My written French is a weak point but that’s mostly from lack of effort and practice. That said, I regularly correct my husband’s writing, so mine isn’t actually that bad, I think!
When I told my grade 9 French teacher that I was not going to take French in High School, she said “très bien!” (I was not a great student) Things have not gotten any better.
Maybe Supermarket French Level.
I also took French up to university level and I have barely any oral/aural proficiency nowadays. My reading is adequate enough that I can usually understand most of a newspaper article (for example).
In junior high/high school, my French teachers were Mme. Barnes, Mme. Harper, Mme. Dunfield, and M. Hagberg. M. Hagberg at least had the decency to have ‘Pierre’ for a first name…
Mme. Barnes set the pace for the lot of them - to her, the French language was like some kind of 3D matrix of intersecting lines. She knew the gender of every noun, she knew the conjugation of every verb, the correct tense to use in every situation. She also had an English accent that you could cut with a knife. Our first day of class, she told us in no uncertain terms “And whatever you do, DON’T talk to the franco-manitobains, because they speak French WRONG!”. She looked like the unholy love child of John Diefenbaker and Bea Arthur (“Maude”); man, she was a piece of work!
I was delighted to hear that when she came along as a chaperone for a Grade 9 field trip to Paris, the Parisians would listen to about two sentences from her and then switch to English because they couldn’t take that accent, no matter how accurate her grammar was…
I had to drop French after Grade 11 because of a spectacular 4-way conflict between music, drama, biology, and French - four courses, only three slots available.
It wasn’t until almost 20 years later that I discovered how much I loved the language!
In junior high/high school, my French teachers were Mme. Barnes, Mme. Harper, Mme. Dunfield, and M. Hagberg. M. Hagberg at least had the decency to have ‘Pierre’ for a first name…
I’m amazed that you remember your teacher’s names. If pressed I might be able to list 6 teachers for my entire educational history including university. The rest mirrored teachers in Peanuts, “wah, wha,…wha,wha, wha”.

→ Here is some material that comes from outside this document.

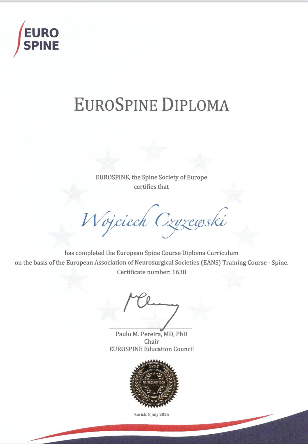 Neurochirurg lek. Wojciech Czyżewski, specjalista pracujący na co dzień w Klinice Nowotworów Układu Nerwowego Narodowego Instytutu Onkologii w Warszawie oraz w pododdziale Neurochirurgi Powiatowego Szpitala Specjalistycznego w Stalowej Woli. W latach 2015-2023 związany z Kliniką Neurochirurgii i Neurochirurgii Dziecięcej Samodzielnego Publicznego Szpitala Klinicznego nr 4 w Lublinie. W 2023 roku ukończył studia doktoranckie w Katedrze i Zakładzie Dydaktyki i Symulacji Medycznej Uniwersytetu Medycznego w Lublinie broniąc z wyróżnieniem pracę doktorską zatytułowaną "Analiza wybranych akwaporyn u pacjentów z krwiakami podtwardówkowymi ostrymi i przewlekłymi". Autor licznych publikacji w czasopismach polskich i zagranicznych z zakresu neurotraumatologii, chirurgii kręgosłupa oraz neuroonkologii. Obszary zainteresowania: - neuroonkologia - choroby naczyniowe ośrodkowego układu nerwowego - chirurgia nerwów obwodowych - chirurgia kręgosłupa dr n. med. Wojciech Czyżewski jest członkiem Europejskiego Stowarzyszenia Neurochirurgów EANS oraz uczestnikiem wielu kursów praktycznych i teoretycznych zarówno w Polsce, jak i za granicą Kursy teoretyczne: EANS Training Courses: Walencja 2021, Maastricht 2022, Porto 2023, Czechy 2024 Kursy praktyczne: 2019 Listopad – EANS Cranial Step 1, Hands-On Course, Brno 2019 Grudzień – White Matter Dissection Tours, Tours 2020 Luty – EANS Basic Endovascular Course, Berlin 2021 Czerwiec – EANS Microsurgery Course, Lyon 2022 Styczeń – EANS Spinal Step II, Hands-On Course, Lyon 2023 Marzec – Kurs Neurochirurgii Robotycznej, Filadelfia, Stany Zjednoczone 2022 Maj – EANS Spinal Step I, Hands-On Course, Genewa 2023 Marzec – Kurs Minimalnie Inwazyjnej Chirurgii Kręgosłupa, Bratysława, Słowacja 2023 Czerwiec - Kurs Minimalnie Inwazyjnej Chirurgii Kręgosłupa, Filadeldia, Stany Zjednoczone 2023 Lipiec - Zaawansowany Kurs Endoskopii Kręgosłupa, Knittlingen, Niemcy 2023 Listopad – EANS Cranial II, Hands-On Course Istambuł, Turcja 2023 Listopad – Kurs Neurochirurgii Funkcjonalnej, Queen’s Square Hospital, Londyn, Wielka Brytania 2023 Grudzień – 2024 Styczeń – Staż z Endoskopii Podstawy Czaszki, Szpital Uniwersytecki w Greifswald, Niemcy 2024 Czerwiec - Certyfikat Zaawansowanej Chirurgii Podstawy Czaszki - NewYork-Presbyterian | Weill Cornell Medical Center, Nowy York, USA 2024 Październik - Kurs Neuroendoskopii Wewnątrzczaszkowej - Tuttlingen, Niemcy 2024 Listopad - Certyfikat Endoskopowej Przeznosowej Chirurgii Podstawy Czaszki, Pittsburgh, PA, USA Konsultacje odbywają się w języku polskim bądź angielskim.

Which is probably why I failed French in High School. One ‘wah, wah’ was pretty much like another and reading a book wasn’t enough to pass. That and having a contrarian nature where having to learn French in BC when it was probably the 5th most spoken language in the province at the time (7th mother tongue currently) didn’t win me a friend with the teacher when I objected to having my time wasted.
I’m fine in French, although I prefer a legal, financial, or medical report/discussion to be in English so that I lose absolutely nothing in the translation.
High school French classes in “English” schools in Montreal in the 60s were pathetic. You had to learn it in the streets, cafes, or even on French TV. How else would you find out what a “trente sous” was? The long story…
fredak.com : le dico
There’s a reporter for Global News that looks exactly like a Ferengi.
This was just a little alarming to read today - B.C. lawyer reprimanded for citing fake cases invented by ChatGPT | CBC News .
The lawyer in question is being reprimanded, but the judge accepts that it was not her intention to use fictitious cases in her presentation. The cases were discovered to be false when opposing counsel couldn’t find them, and asked for copies.
I’m terrified of what AI can do in the wrong hands!!
I had limited French in school, but worked in a Federal government office that was largely Francophone. My ability in financial French used to be quite good (not so much since retirement), and I could often correct the French versions of documents we were putting out, but my ability to speak or understand joual was seriously lacking. I was OK in meetings talking about rollout of a new accounting policy, but when the topic switched to what they did last weekend I was lost.